У нас Сережа был принят как родной. Я тоже часто бывал у него дома и хорошо знал его мать и старую няньку. Отца, правда, видел редко.
На стенах наших квартир висели те же самые театральные фотографии и портреты артистов и композиторов с похожими дарственными надписями, стояли на полках те же книги, лежали те же стопки нот, велись похожие разговоры на театральные и музыкальные темы.
Мы оставались с Сережей близкими приятелями до окончания школы. Затем наши пути разошлись, так же как и наши круги общения: он был выраженный гуманитарий, я — технарь. Разошлись — и в наших интересах к музыке: его увлечения лежали в области джаза, мои остались в области более традиционной.

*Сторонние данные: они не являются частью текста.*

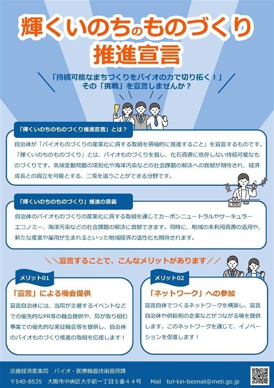 経済産業省 近畿経済産業局は、バイオものづくり製品・産業に係る機運醸成、需要拡大、産業振興等を図るため、自治体が自主的に取組を表明する新たな枠組み「輝くいのちのものづくり推進宣言」を創設しました。

Время от времени мы встречались, но, как правило, случайно: то в Доме писателей, где он бытовал, а я заходил на какие-то мероприятия (скажем, на переводческий вечер Эткинда), то в комаровском Доме творчества, где мы провели вместе около двух недель, то на Стремянной улице у Бори Понизовского. Несколько раз он приглашал меня и Вадима Вацуро к себе домой послушать свои новые стихи под бутылку водки. Его рыбацкие увлечения я разделить не мог.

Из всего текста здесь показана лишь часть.